---------- COLLECTED MATERIAL
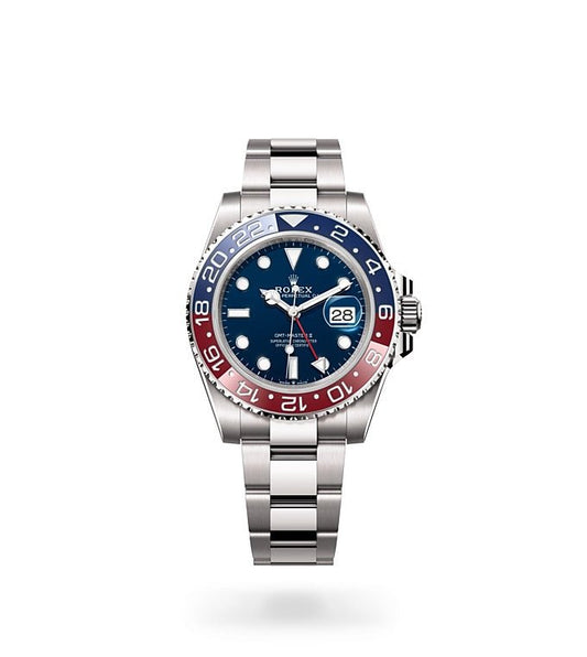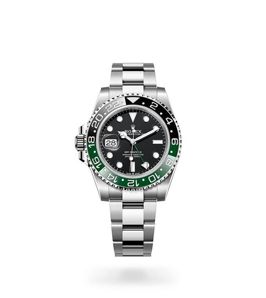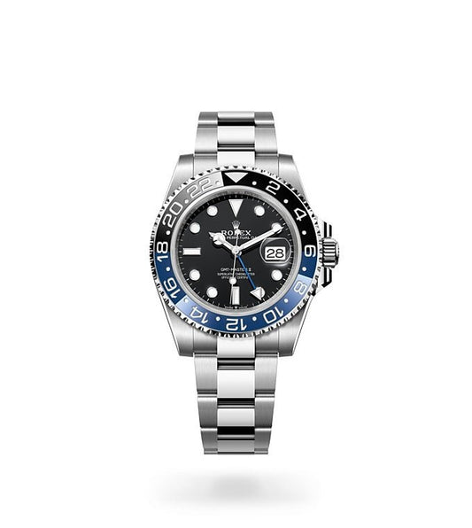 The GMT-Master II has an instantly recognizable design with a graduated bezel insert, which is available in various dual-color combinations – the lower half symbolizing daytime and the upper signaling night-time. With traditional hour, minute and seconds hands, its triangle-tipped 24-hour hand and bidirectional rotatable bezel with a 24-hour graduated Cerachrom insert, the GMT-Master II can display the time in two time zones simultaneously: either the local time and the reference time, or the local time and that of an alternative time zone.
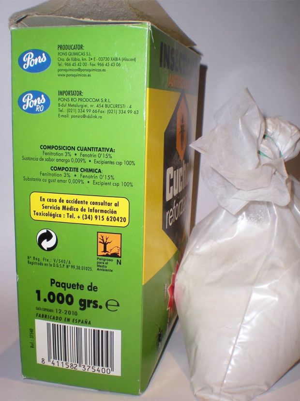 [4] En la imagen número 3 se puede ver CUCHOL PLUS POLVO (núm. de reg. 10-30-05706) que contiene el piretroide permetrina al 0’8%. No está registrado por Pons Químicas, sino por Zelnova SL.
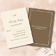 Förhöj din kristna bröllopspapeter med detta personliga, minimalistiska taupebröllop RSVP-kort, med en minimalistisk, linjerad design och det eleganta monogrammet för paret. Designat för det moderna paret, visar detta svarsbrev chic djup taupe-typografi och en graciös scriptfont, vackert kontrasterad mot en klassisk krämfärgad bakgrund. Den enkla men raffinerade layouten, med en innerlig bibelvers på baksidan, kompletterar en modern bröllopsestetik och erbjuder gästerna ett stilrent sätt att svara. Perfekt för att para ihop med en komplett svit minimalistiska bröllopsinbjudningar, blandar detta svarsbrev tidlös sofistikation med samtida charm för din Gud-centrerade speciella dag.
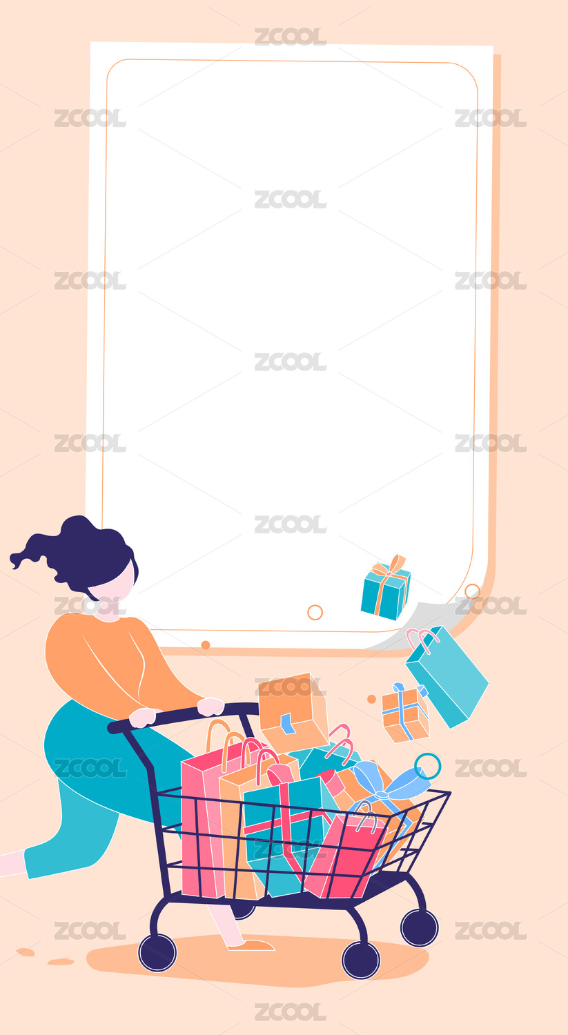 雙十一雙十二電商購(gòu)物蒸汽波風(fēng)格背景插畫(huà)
--------------------
WHAT THE TASK ASKS: Once the pictures are set aside, please output all the data word for word.

ANSWER AREA:
 The GMT-Master II has an instantly recognizable design with a graduated bezel insert, which is available in various dual-color combinations – the lower half symbolizing daytime and the upper signaling night-time. With traditional hour, minute and seconds hands, its triangle-tipped 24-hour hand and bidirectional rotatable bezel with a 24-hour graduated Cerachrom insert, the GMT-Master II can display the time in two time zones simultaneously: either the local time and the reference time, or the local time and that of an alternative time zone.
 [4] En la imagen número 3 se puede ver CUCHOL PLUS POLVO (núm. de reg. 10-30-05706) que contiene el piretroide permetrina al 0’8%. No está registrado por Pons Químicas, sino por Zelnova SL.
 Förhöj din kristna bröllopspapeter med detta personliga, minimalistiska taupebröllop RSVP-kort, med en minimalistisk, linjerad design och det eleganta monogrammet för paret. Designat för det moderna paret, visar detta svarsbrev chic djup taupe-typografi och en graciös scriptfont, vackert kontrasterad mot en klassisk krämfärgad bakgrund. Den enkla men raffinerade layouten, med en innerlig bibelvers på baksidan, kompletterar en modern bröllopsestetik och erbjuder gästerna ett stilrent sätt att svara. Perfekt för att para ihop med en komplett svit minimalistiska bröllopsinbjudningar, blandar detta svarsbrev tidlös sofistikation med samtida charm för din Gud-centrerade speciella dag.
 雙十一雙十二電商購(gòu)物蒸汽波風(fēng)格背景插畫(huà)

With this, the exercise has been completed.